__Dataset extract__
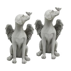 동상이있는 2x 천사 애완 동물 나비 수지 정원 장식으로 노는 슈퍼 귀여운 강아지 집 뒤뜰을위한 기념 공물 조각, 회색 + 그레이
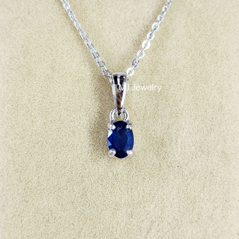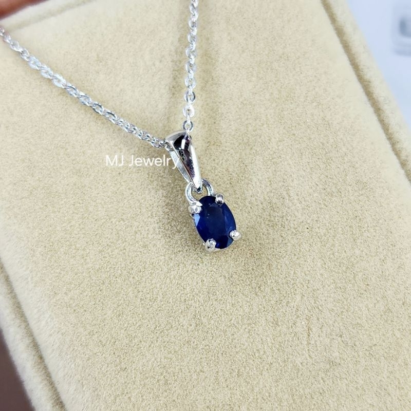 จี้พลอยไพลิน พลอยแท้ ขนาด 6×4 มิล เงินแท้ 925 จัดส่งพร้อมใบรับประกัน
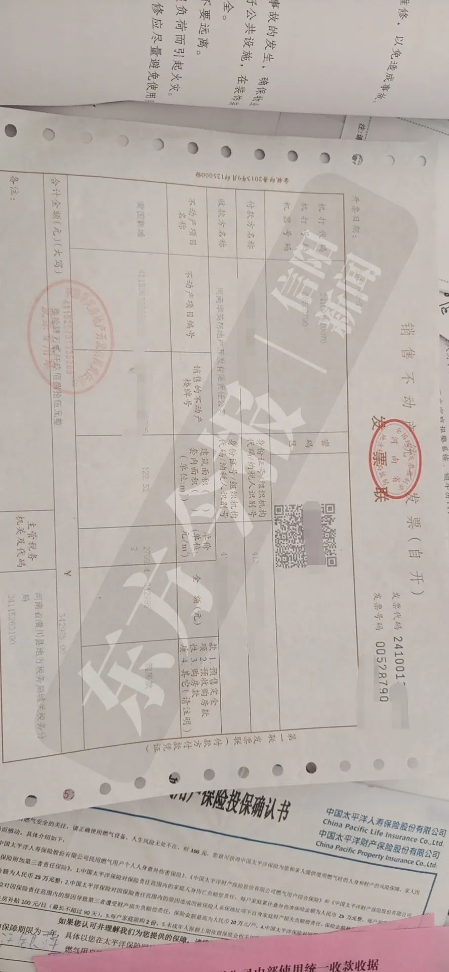(华英地产对契税和房屋维修基金代收票据)
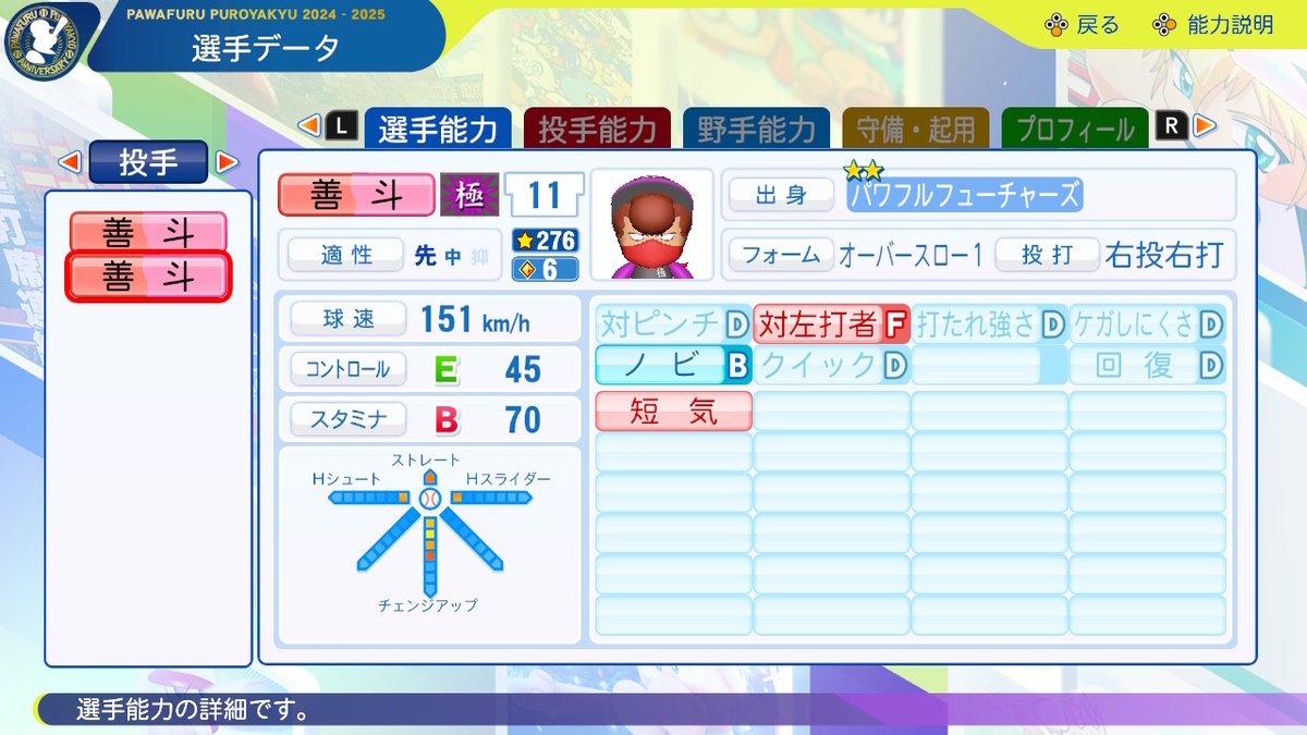 【投手特殊能力】対左打者2 ノビ4 短気 速球中心

__What to do__
Lines from the one that holds "จี้พลอยไพลิน พลอยแท้ ขนาด" through the final line of the material are to be duplicated exactly; no pictures belong in the copy.

__Result__
 จี้พลอยไพลิน พลอยแท้ ขนาด 6×4 มิล เงินแท้ 925 จัดส่งพร้อมใบรับประกัน
(华英地产对契税和房屋维修基金代收票据)
 【投手特殊能力】対左打者2 ノビ4 短気 速球中心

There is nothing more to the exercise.